About this exercise:
Given the records below, the lines starting at the line with "Состав букета на" and ending at the line with "60级:哀叙冰玉块*3,极寒之核*8,嘟嘟莲*30,锐利的箭簇*18" should be output exactly, both end lines kept and pictures left out.

Records provided:

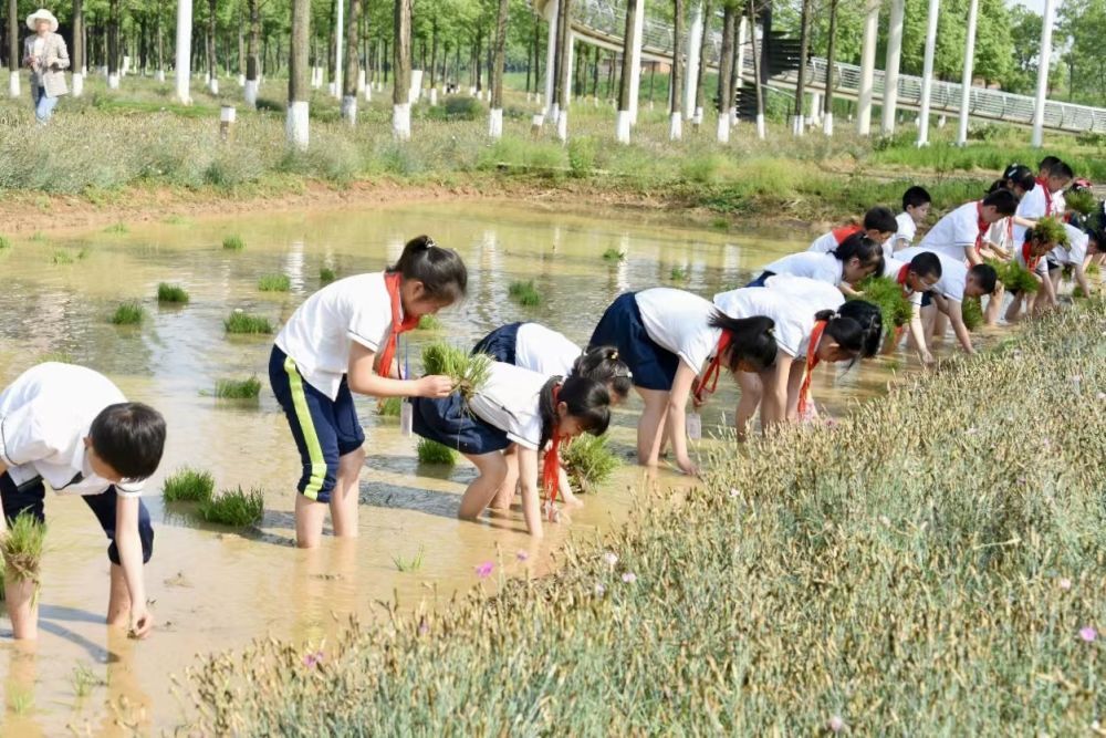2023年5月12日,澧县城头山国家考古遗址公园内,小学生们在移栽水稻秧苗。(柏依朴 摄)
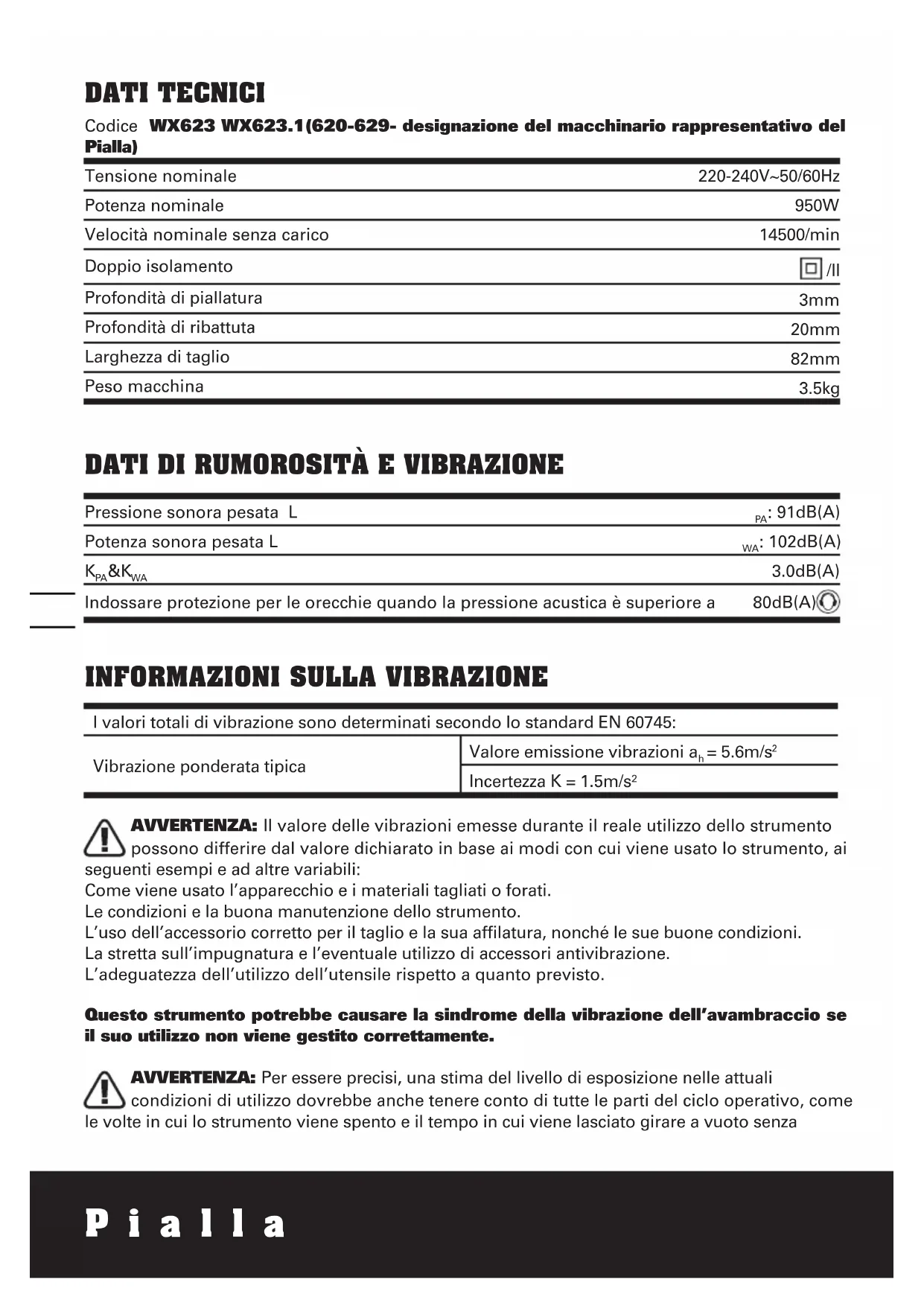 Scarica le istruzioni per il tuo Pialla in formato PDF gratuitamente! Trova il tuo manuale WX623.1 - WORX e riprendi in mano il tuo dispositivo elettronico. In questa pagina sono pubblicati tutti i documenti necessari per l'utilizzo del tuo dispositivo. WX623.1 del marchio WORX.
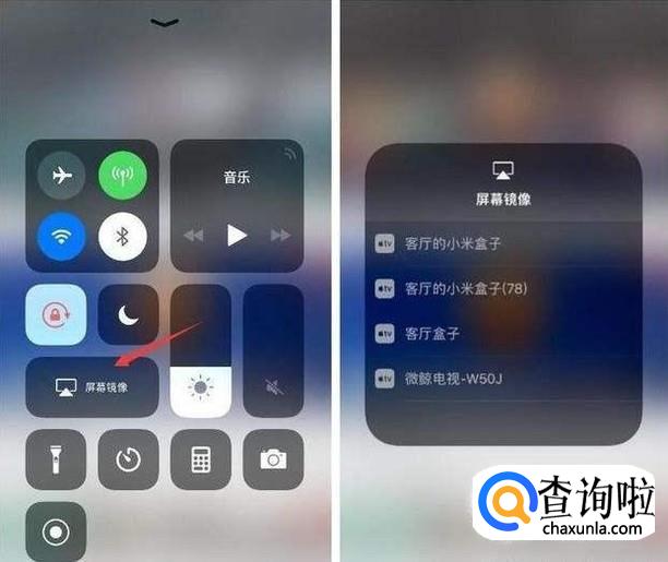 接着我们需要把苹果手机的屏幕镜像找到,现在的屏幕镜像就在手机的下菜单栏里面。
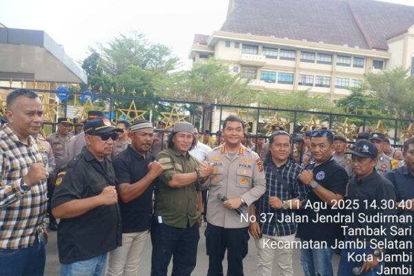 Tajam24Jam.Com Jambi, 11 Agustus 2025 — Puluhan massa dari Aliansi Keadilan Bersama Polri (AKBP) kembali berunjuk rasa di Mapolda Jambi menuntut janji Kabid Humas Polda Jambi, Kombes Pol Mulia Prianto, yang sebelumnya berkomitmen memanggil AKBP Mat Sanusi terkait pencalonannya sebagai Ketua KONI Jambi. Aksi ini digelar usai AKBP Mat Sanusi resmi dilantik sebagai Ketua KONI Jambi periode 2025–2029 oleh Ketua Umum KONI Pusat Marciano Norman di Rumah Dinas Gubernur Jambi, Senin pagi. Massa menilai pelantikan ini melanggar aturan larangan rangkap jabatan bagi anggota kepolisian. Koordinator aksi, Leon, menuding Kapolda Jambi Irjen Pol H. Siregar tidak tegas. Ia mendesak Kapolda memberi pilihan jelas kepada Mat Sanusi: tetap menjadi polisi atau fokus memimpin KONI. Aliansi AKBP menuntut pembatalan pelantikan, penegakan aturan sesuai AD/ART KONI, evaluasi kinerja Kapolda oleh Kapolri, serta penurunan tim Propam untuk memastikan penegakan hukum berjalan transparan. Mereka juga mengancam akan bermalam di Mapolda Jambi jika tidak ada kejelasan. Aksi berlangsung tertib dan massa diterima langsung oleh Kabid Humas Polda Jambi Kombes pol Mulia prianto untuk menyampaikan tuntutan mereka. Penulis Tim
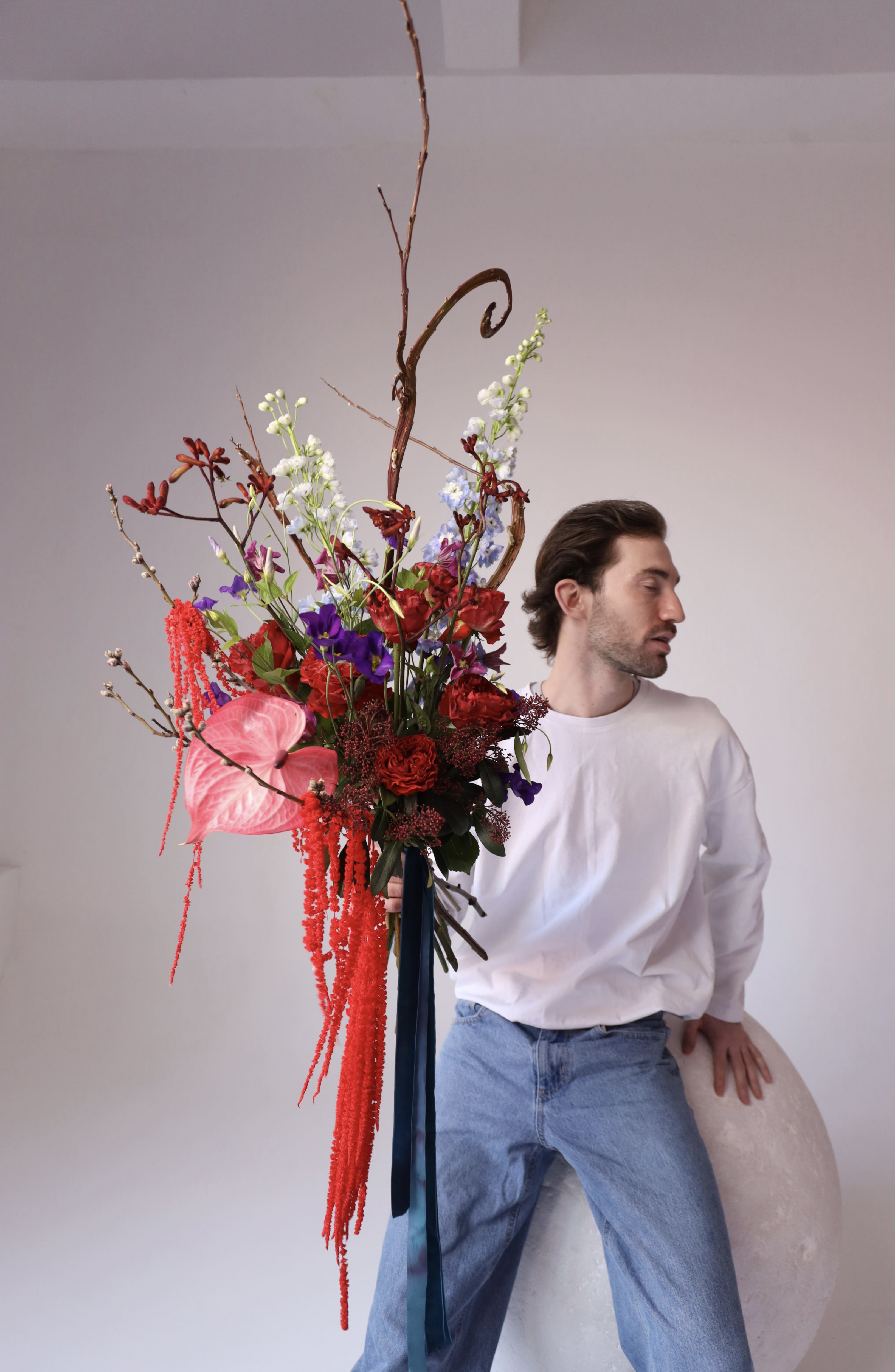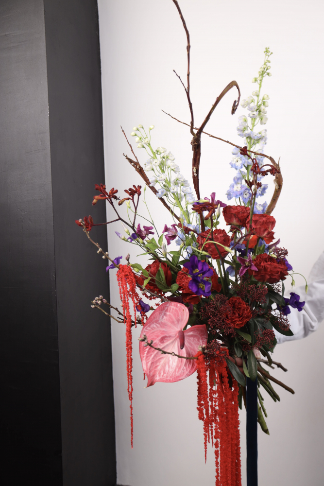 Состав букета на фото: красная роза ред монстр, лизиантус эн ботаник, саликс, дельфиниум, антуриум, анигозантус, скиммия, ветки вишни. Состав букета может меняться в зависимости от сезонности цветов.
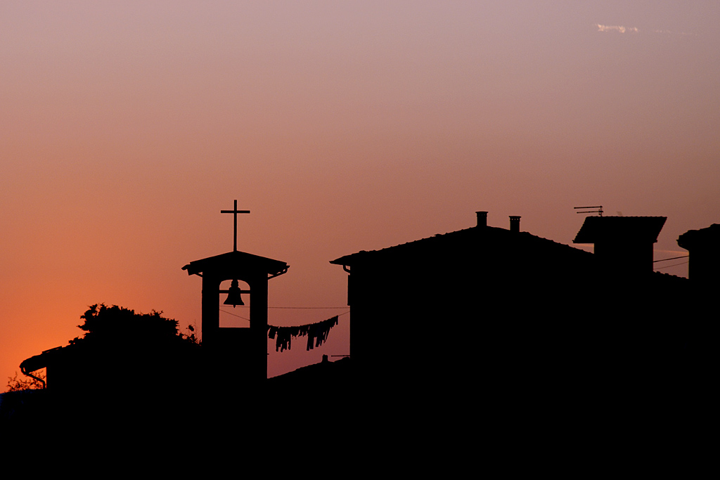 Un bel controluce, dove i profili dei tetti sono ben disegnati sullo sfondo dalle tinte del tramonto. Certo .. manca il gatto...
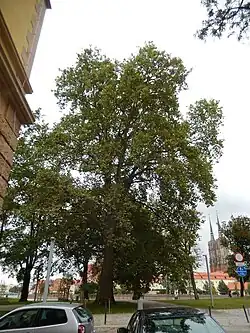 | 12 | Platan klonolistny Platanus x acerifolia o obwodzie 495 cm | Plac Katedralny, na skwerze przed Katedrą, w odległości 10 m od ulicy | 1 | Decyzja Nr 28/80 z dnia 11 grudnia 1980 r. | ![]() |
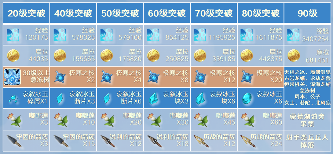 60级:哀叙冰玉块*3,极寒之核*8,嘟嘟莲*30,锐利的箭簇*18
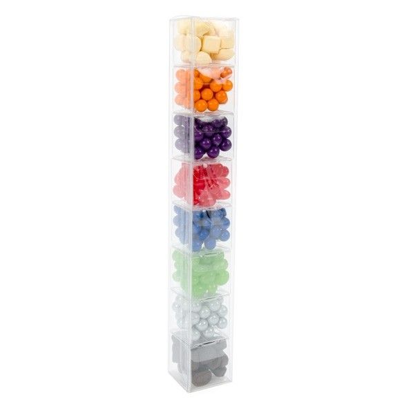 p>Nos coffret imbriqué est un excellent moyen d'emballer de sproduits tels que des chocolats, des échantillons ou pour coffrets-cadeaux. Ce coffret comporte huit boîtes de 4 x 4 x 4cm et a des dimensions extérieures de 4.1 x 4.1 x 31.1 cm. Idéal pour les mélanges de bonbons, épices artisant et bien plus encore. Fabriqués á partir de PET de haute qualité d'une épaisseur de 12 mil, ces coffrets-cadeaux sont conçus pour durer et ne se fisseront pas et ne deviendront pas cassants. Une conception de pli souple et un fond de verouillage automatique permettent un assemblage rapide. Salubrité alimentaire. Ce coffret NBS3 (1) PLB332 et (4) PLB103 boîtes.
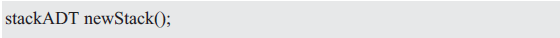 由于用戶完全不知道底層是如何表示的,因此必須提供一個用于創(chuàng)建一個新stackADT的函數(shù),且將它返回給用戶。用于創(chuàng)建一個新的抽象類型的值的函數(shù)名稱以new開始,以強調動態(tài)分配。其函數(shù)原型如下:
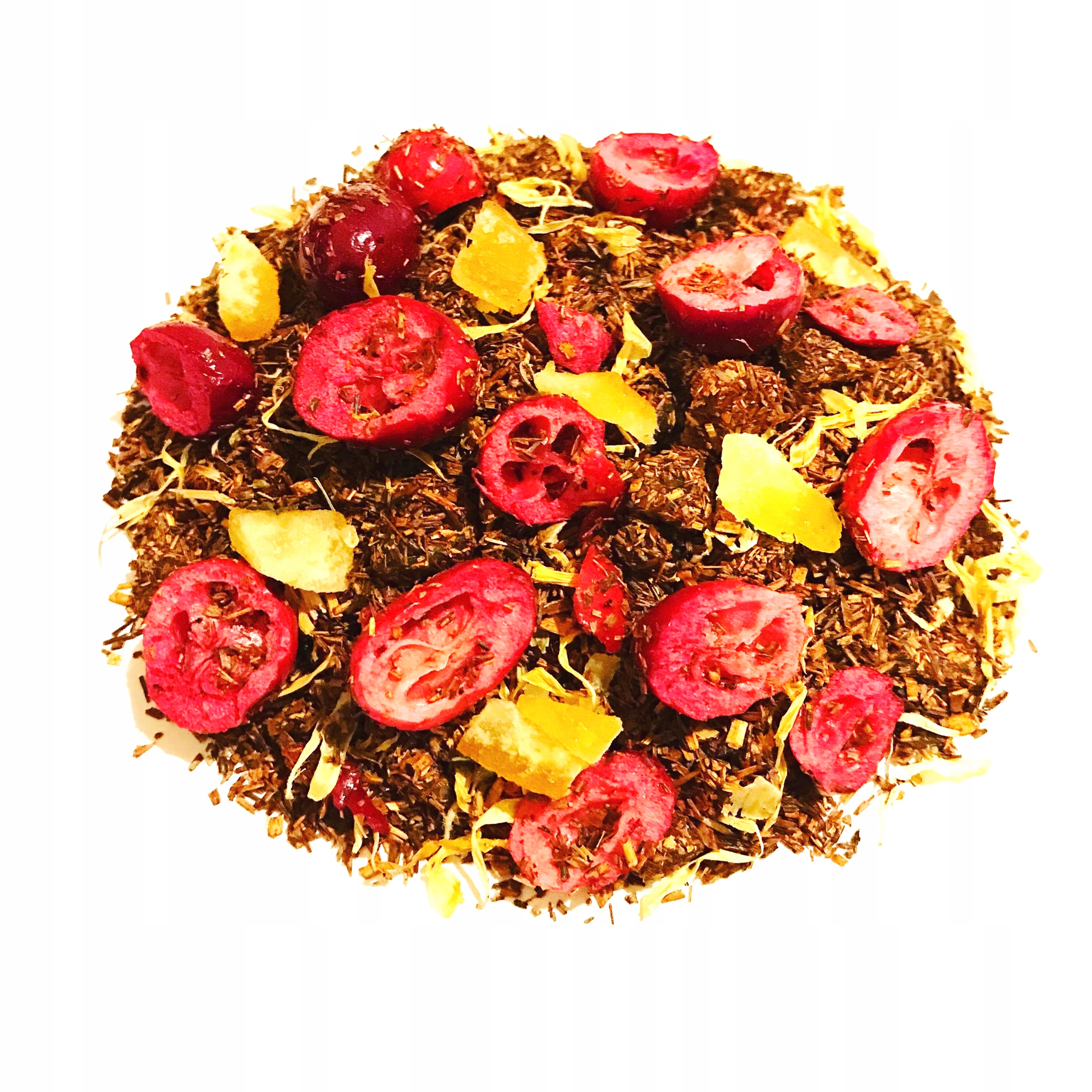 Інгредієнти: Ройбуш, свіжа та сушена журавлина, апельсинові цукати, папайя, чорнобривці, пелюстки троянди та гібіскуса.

Exercise response:
 Состав букета на фото: красная роза ред монстр, лизиантус эн ботаник, саликс, дельфиниум, антуриум, анигозантус, скиммия, ветки вишни. Состав букета может меняться в зависимости от сезонности цветов.
 Un bel controluce, dove i profili dei tetti sono ben disegnati sullo sfondo dalle tinte del tramonto. Certo .. manca il gatto...
 | 12 | Platan klonolistny Platanus x acerifolia o obwodzie 495 cm | Plac Katedralny, na skwerze przed Katedrą, w odległości 10 m od ulicy | 1 | Decyzja Nr 28/80 z dnia 11 grudnia 1980 r. | ![]() |
 60级:哀叙冰玉块*3,极寒之核*8,嘟嘟莲*30,锐利的箭簇*18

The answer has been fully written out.